THE PEOPLE HAVE SPOKEN
How panicked are you about what’s happening on the local and global financial stage?
🟨⬜️⬜️⬜️⬜️⬜️ 😰 Very much – I’m afraid of losing what I’ve built so far. (12%)
🟩🟩🟩🟩🟩🟩 😎 No, it’s OK, I know the ups and downs will settle soon. (61%)
⬜️⬜️⬜️⬜️⬜️⬜️ 🌎 I am worried about how global events affect my ability to earn and grow (6%)
🟨⬜️⬜️⬜️⬜️⬜️ 🇿🇦 I'm not too concerned with the rest of the world, I just want SA’s economy to get going. (12%)
🟨⬜️⬜️⬜️⬜️⬜️ 😉 To be honest, I didn’t notice the global panics – I’m in this for the long-term gains. (9%)
What you said…
“Unfortunately I'm fully invested for the medium to long term and not bothered much about the FUD. Though I wish I had dry powder to buy the dip on Monday😅.”
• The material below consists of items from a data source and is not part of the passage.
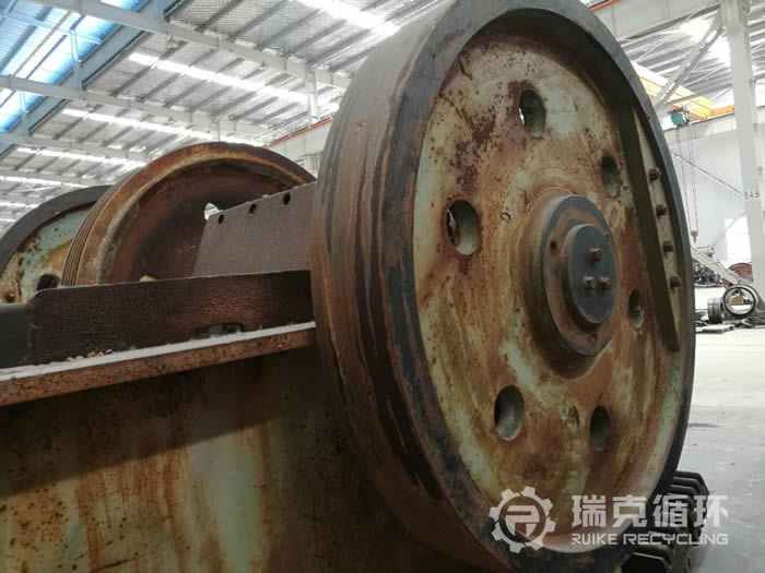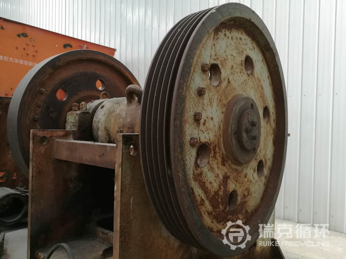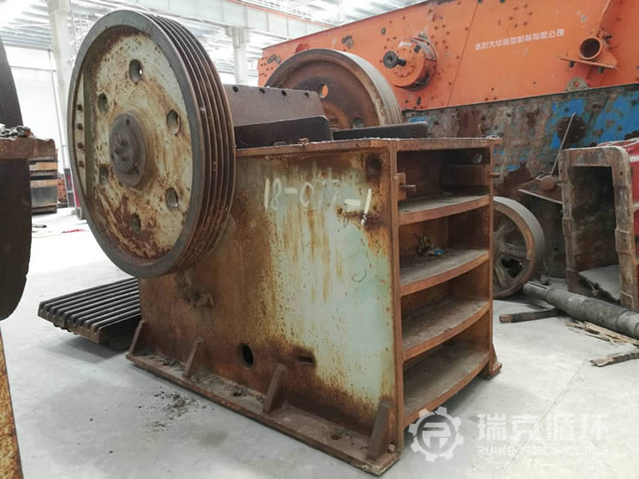 此臺顎式破碎機型號為:600x900,原使用于某砂石石料廠,2017年8月因企業轉型被拆除,拆除之前仍在生產線上從事河卵石的破碎作業。拆除后,閑置了一段時間被洛陽瑞克循環回收。設備回收時,外觀良好,無大面積腐蝕掉漆現象,僅有部分銹跡。清洗拆分后,經質檢人員檢測后得出如下結果:動顎部完整、主軸、軸承、軸承座、軸承內孔均完好;飛輪、皮帶輪狀態良好;機架完整無破損、維修痕跡;除潤煥油脂需更換外,其余各部位均可正常使用。根據檢測結果,我方技術人員對此臺設備給出相關維修方案,更換油脂潤煥、進行維修保養和部分螺栓的換新。維修后重新組裝進行試機,試機合格后,即可噴漆出售。
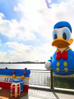 ✨️ In Disney Town Street there is a very large big duck, located across from Starbucks, the back of the duck on the back of the lake is the Shanghai Disneyland Hotel.
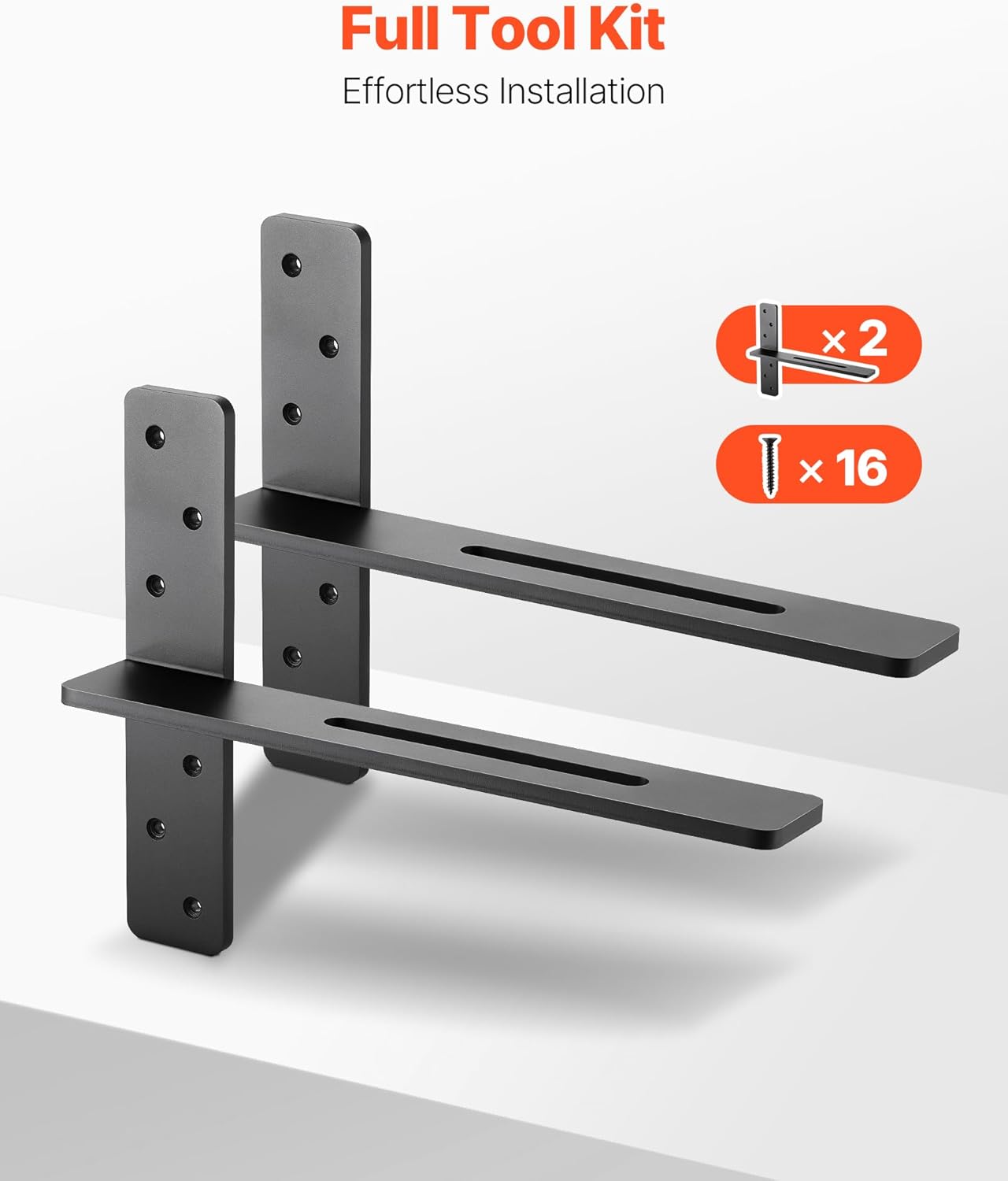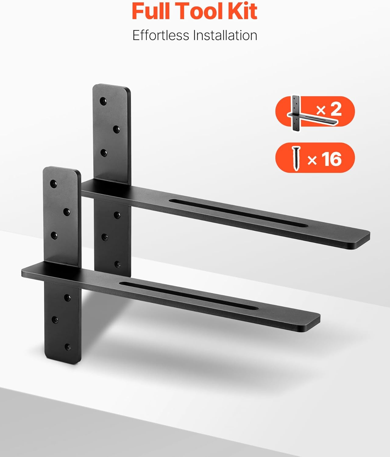 Built for heavy loads, these brackets are strong, durable, and rust-resistant. Compatible with various wall types and available in multiple sizes, they allow flexible combinations to suit your space. Includes the whole set of accessories and installs in 3 easy steps—ideal for a quick home upgrade.
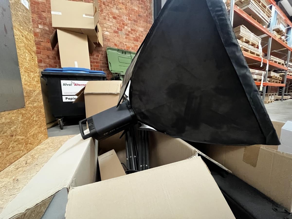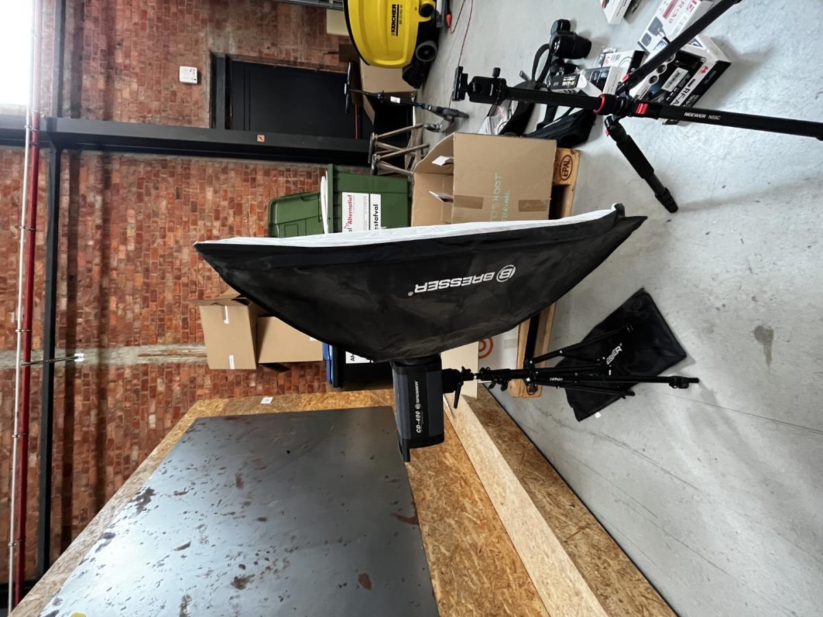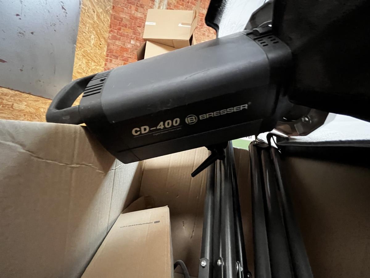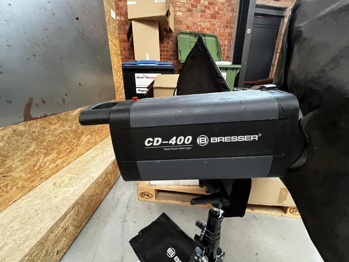 bu 2 spots BRESSER CD-400 met statieven + 3 losse statieven, div lenzen, flashtriggers, ea, allen in houten kist
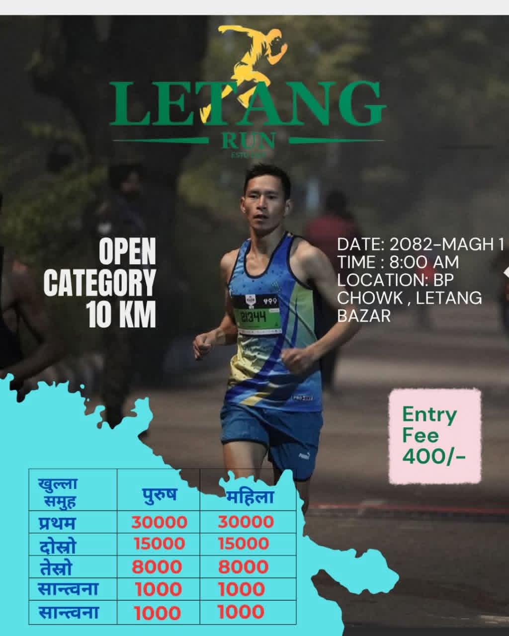 लेटाङ रन तेस्रो संस्करण माघ १ गते, खुल्ला तर्फ महिलापुरुषलाई ३०/३० हजार पुरस्कार
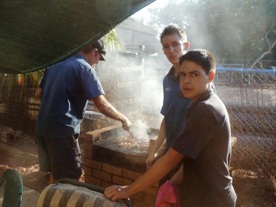 Dann war schon Feierabendstimmung. Big Wade (links) grilliert die Scampis, während die beiden Lehrlinge, Kieran und Eric hungrig auf das Essen warten
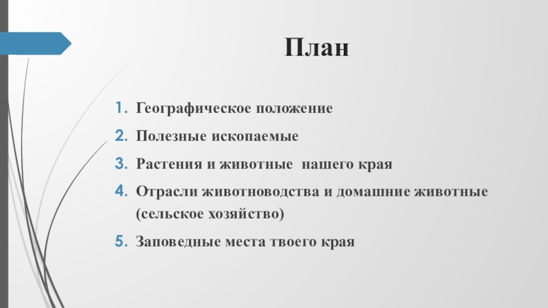 План Географическое положениеПолезные ископаемыеРастения и животные нашего краяОтрасли животноводства и домашние животные (сельское хозяйство)Заповедные места твоего края
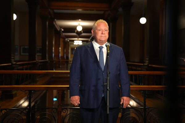Ontario Premier Doug Ford speaks to journalists at the Queens Park Legislature in Toronto on Aug. 25.Chris Young/The Canadian Press
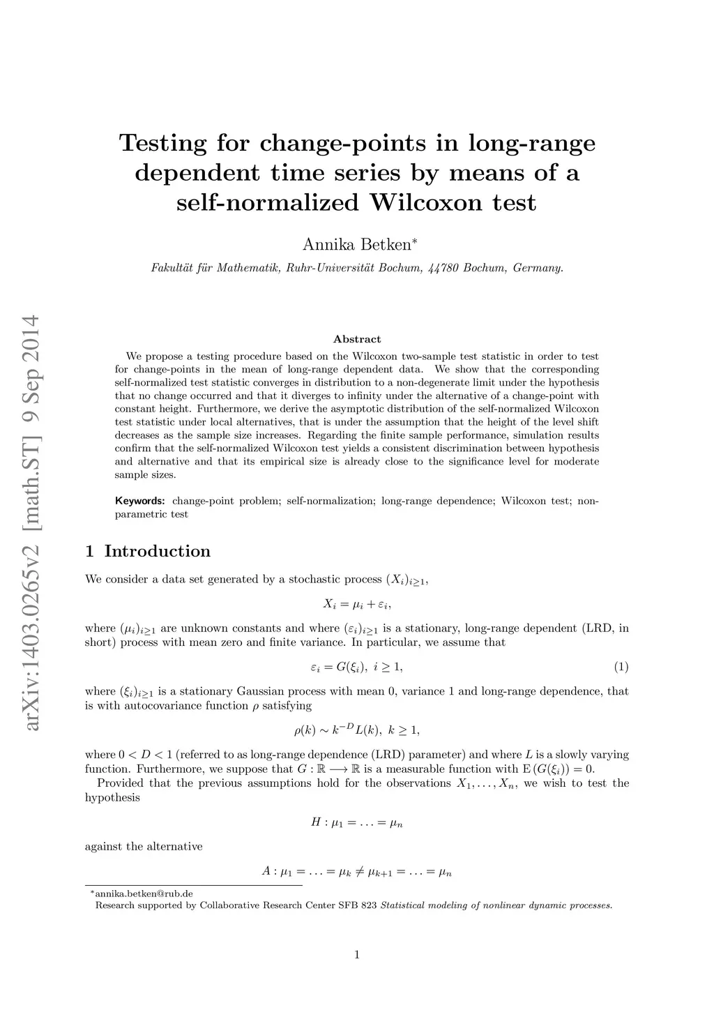 We propose a testing procedure based on the Wilcoxon two-sample test statistic in order to test for change-points in the mean of long-range dependent data. We show that the corresponding self-normalized test statistic converges in distribution to a non-degenerate limit under the hypothesis that no change occurred and that it diverges to infinity under the alternative of a change-point with constant height. Furthermore, we derive the asymptotic distribution of the self-normalized Wilcoxon test statistic under local alternatives, that is under the assumption that the height of the level shift decreases as the sample size increases. Regarding the finite sample performance, simulation results confirm that the self-normalized Wilcoxon test yields a consistent discrimination between hypothesis and alternative and that its empirical size is already close to the significance level for moderate sample sizes.
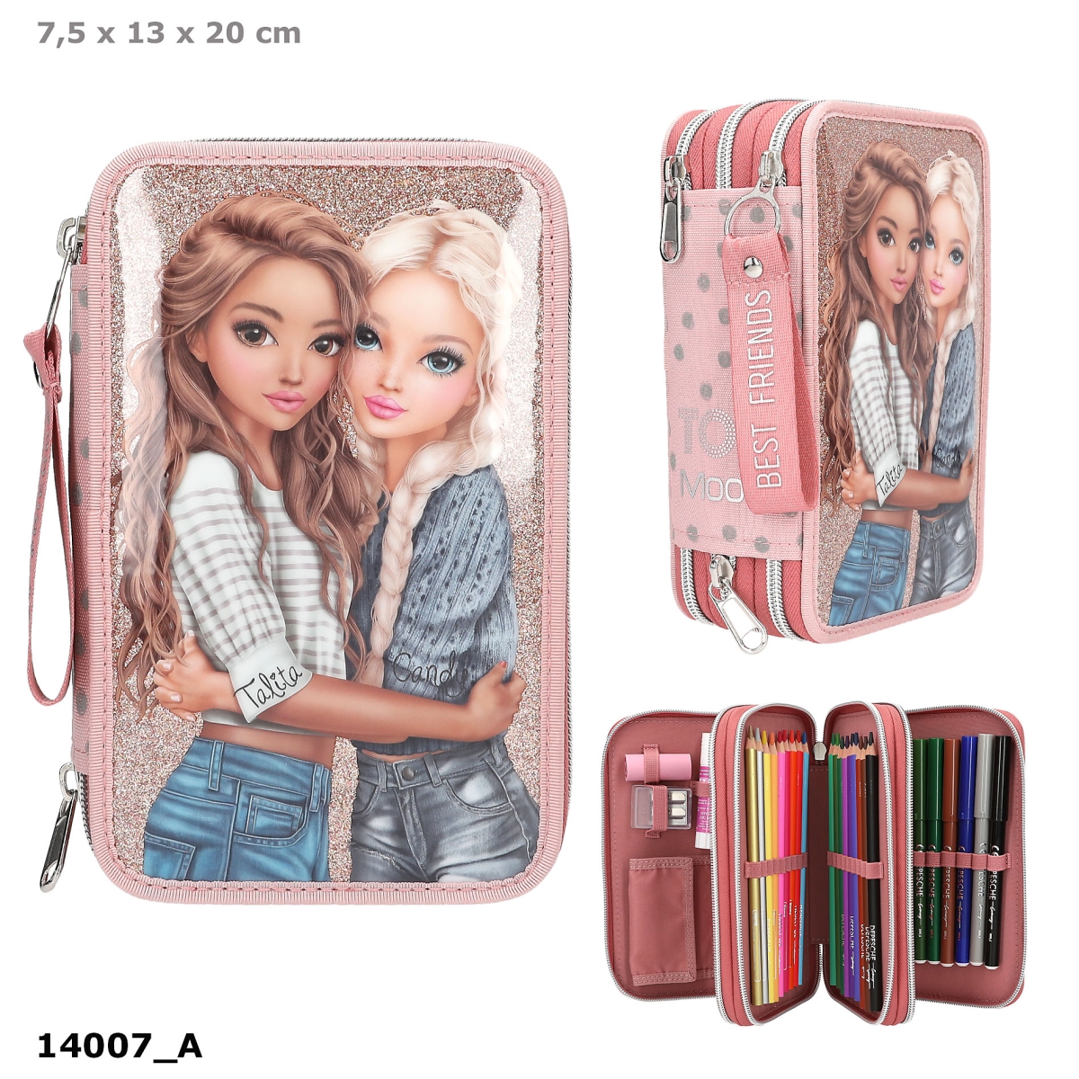 Et virkelig flot og praktisk, trefløjet penalhus fra TOPModel DOTS serien i rosa med fine prik-detaljer og med stort motiv af TOPModellerne Talita og Candy på forsiden af en metallisk glitterbaggrund. Penalhuset er opdelt i tre store rum og er fyldt med alt, hvad man skal bruge til at tegne og skrive med både i skolen og derhjemme som saks, lim, lineal, viskelæder, blyantspidser, blyanter, 18 farveblyanter og farvetuscher. Inkl. stort lynlåsvedhæng i stof med teksten BEST FRIENDS.
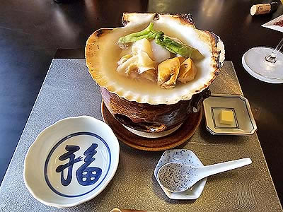 | オホーツク産帆立鍋 うるい たらの芽 よつ葉バター |
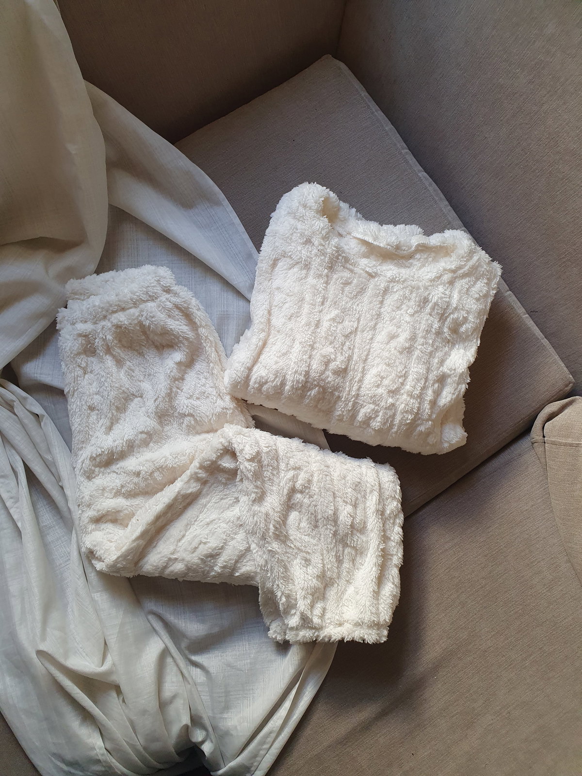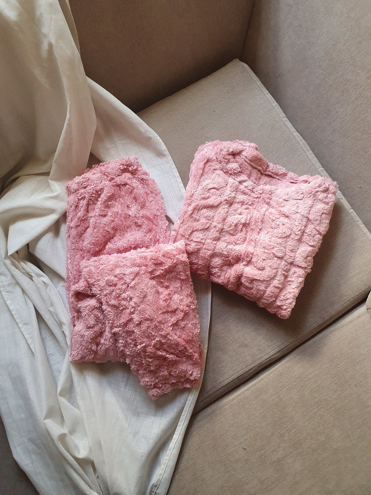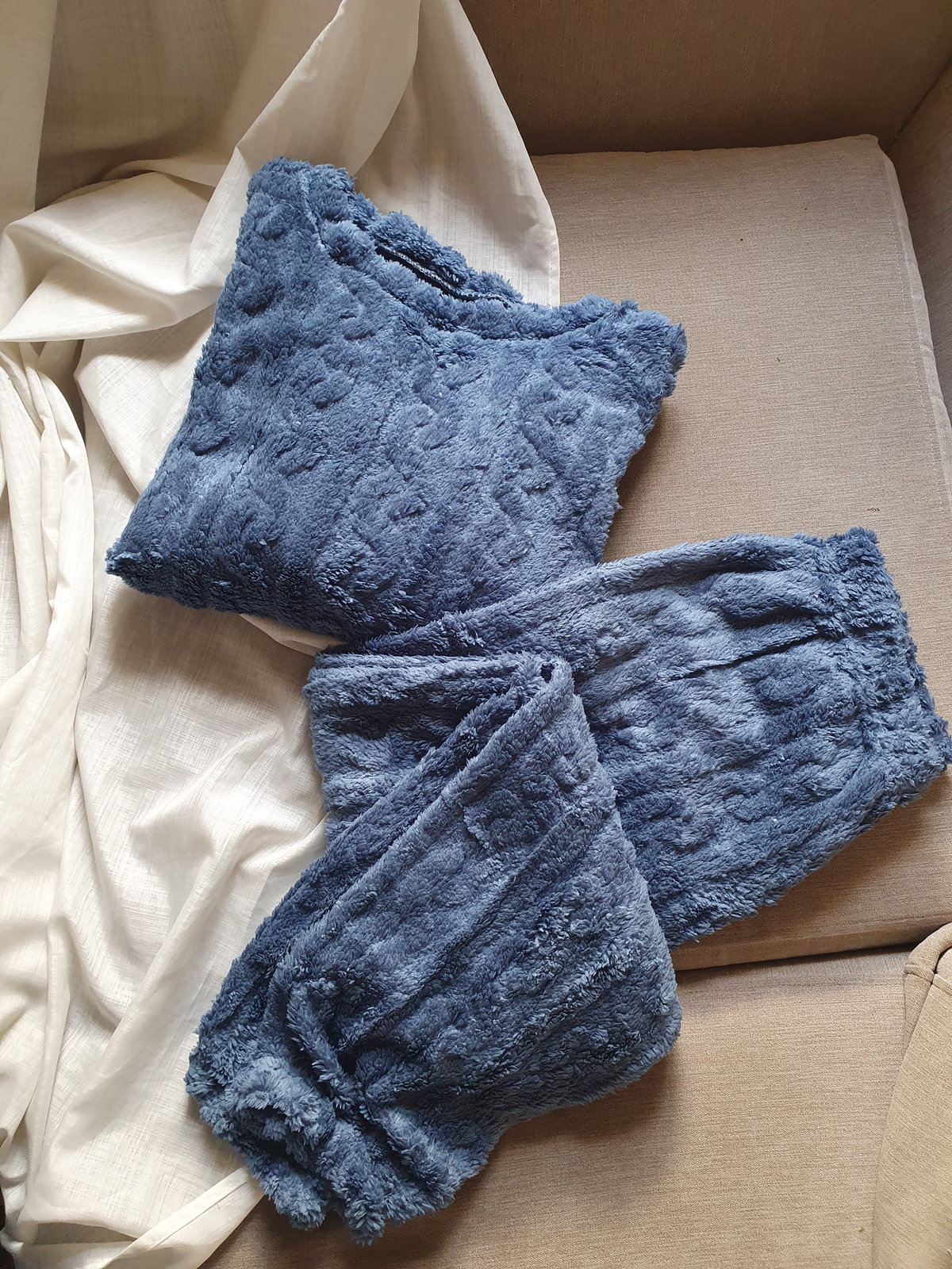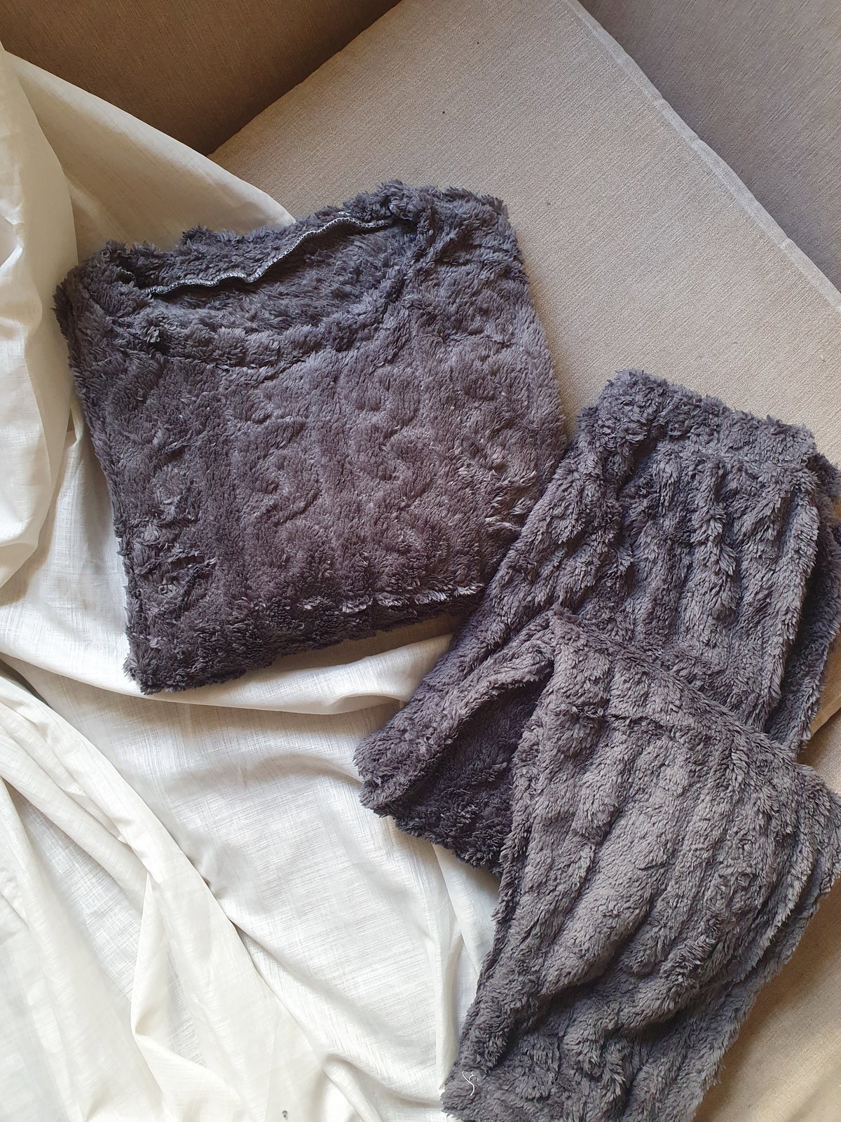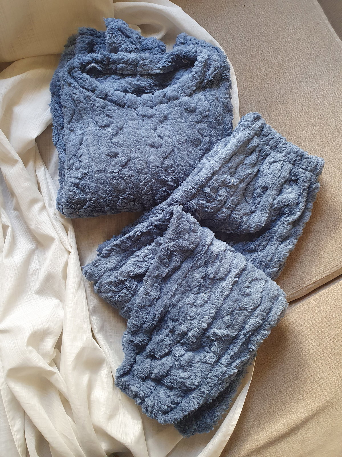 Pijama polar soft importado texturado con puño en buzo y pantalón

Exactly, Asethemane, that’s the spirit.
“I'm still on my foundation of my house of wealth and it still rough, my only disappointment was that I didn't have money to invest so as to buy more. Legends says you buy when they blood on the street Thank you.”
Indeed, Esaluya, it stabilised so quickly that a bit of free cash could have had you up right now.
“When it dropped I bought more in some of my shares especially in my Tax Free portfolio. As I told my wife not to panic. Rumours do not lower the value of businesses.”
Nice one, Jan, glad you could benefit from the frenzy – a good example of why you need to have a little cash cushion around.
“This just headline news ...... absolute nonsense. The US market is still up 9% over the last year. Was just a big down day the other day - No big deal ...... markets unlikely to crash with rates on their way down .... and if they do try use the opportunity to buy stuff a little cheaper”
Indeed, Holman, Jan said he had some opportunity to capitalise – everyone else wishes they had more to buy with too.